__Exercise brief__
The full listing is to be returned exactly as given, but without pictures.

====== Available data ======

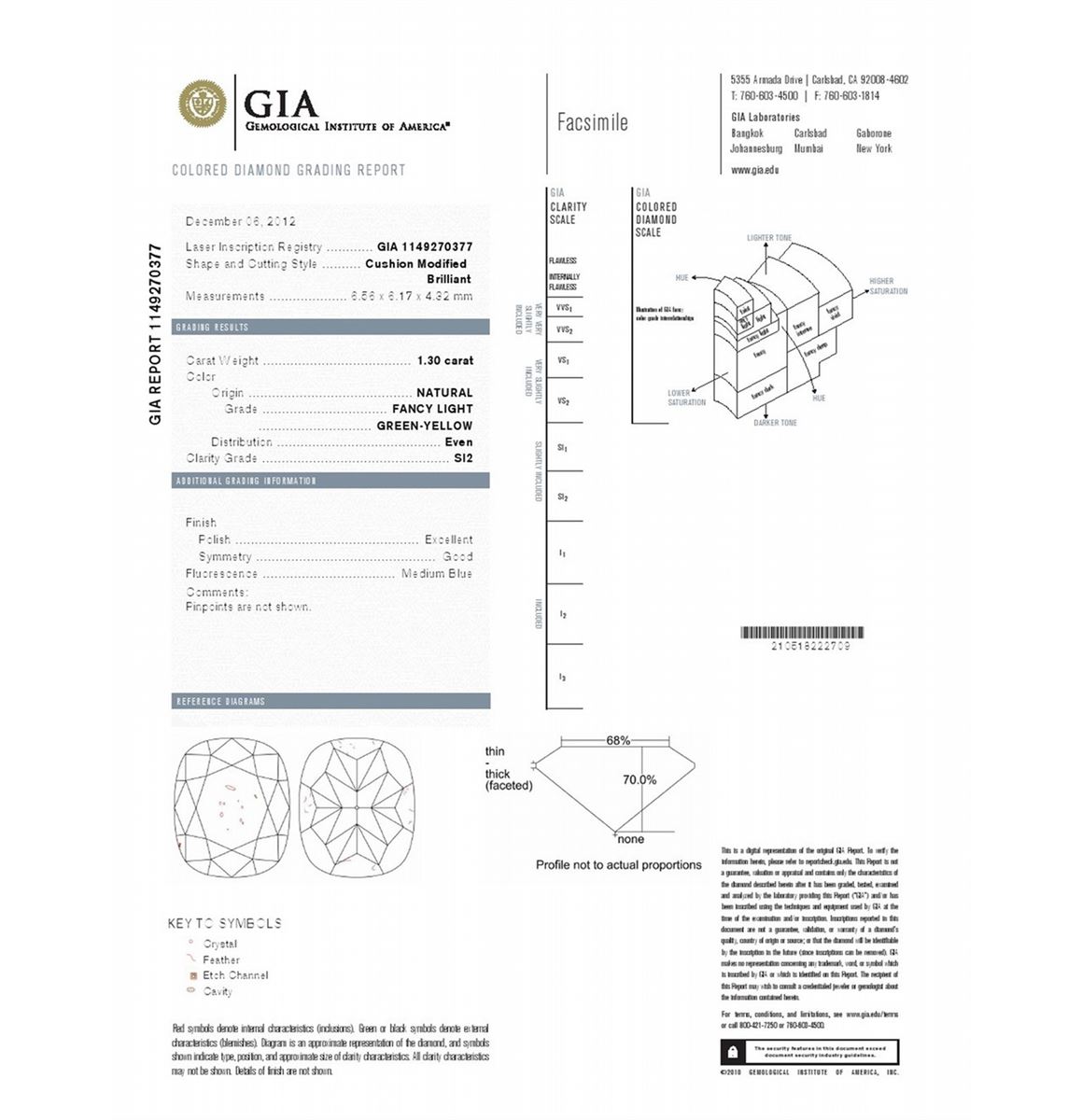 GIA/Cusion/FANCY-CLR/SI2/1.3/EX/GD/1149270377/#F29085
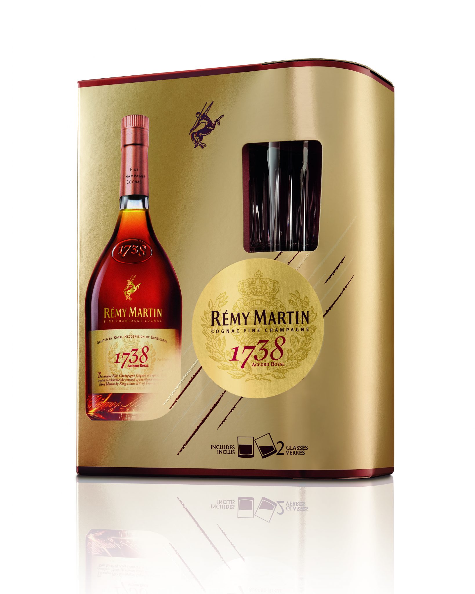 Un coffret en or irisé et griffé qui renferme une bouteille de 1738 Accord Royal et deux verres de dégustation
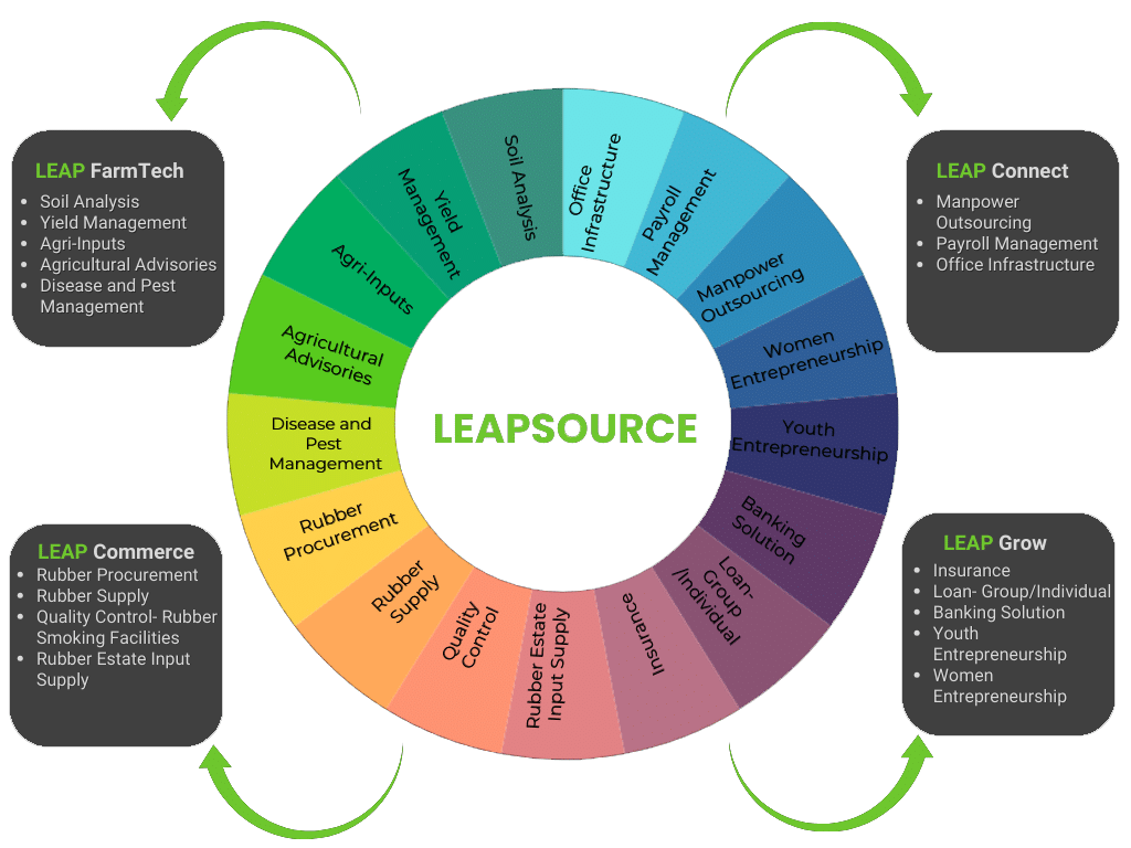 Expanding into the Rubber industry, we launched Leapsource Rubber, an Agritech initiative aimed at transforming Rubber farming in India. With a large indigenous population, our mission is to uplift rural livelihoods through scientific farming, financial assistance, insurance support, and efficient Rubber procurement.
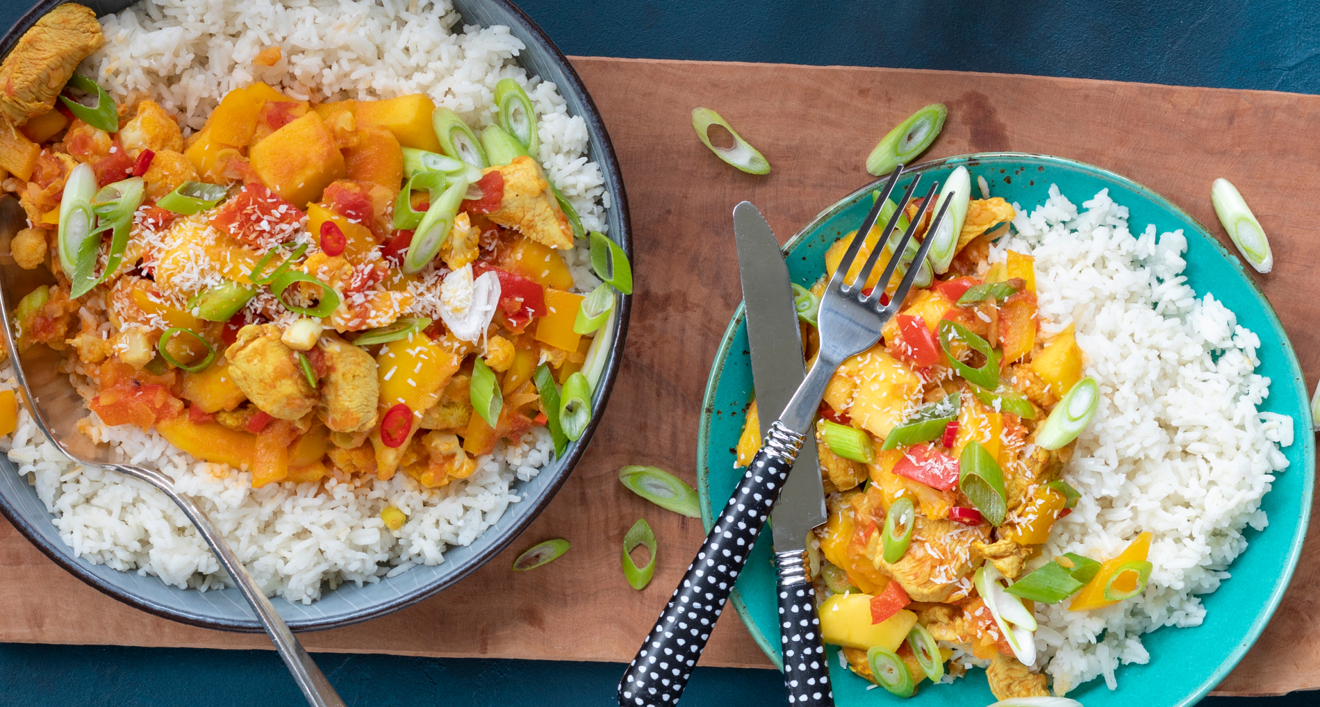 - Verdeel de rijst over kommen en schep de curry erbij.

======

__Finished task__
 GIA/Cusion/FANCY-CLR/SI2/1.3/EX/GD/1149270377/#F29085
 Un coffret en or irisé et griffé qui renferme une bouteille de 1738 Accord Royal et deux verres de dégustation
 Expanding into the Rubber industry, we launched Leapsource Rubber, an Agritech initiative aimed at transforming Rubber farming in India. With a large indigenous population, our mission is to uplift rural livelihoods through scientific farming, financial assistance, insurance support, and efficient Rubber procurement.
 - Verdeel de rijst over kommen en schep de curry erbij.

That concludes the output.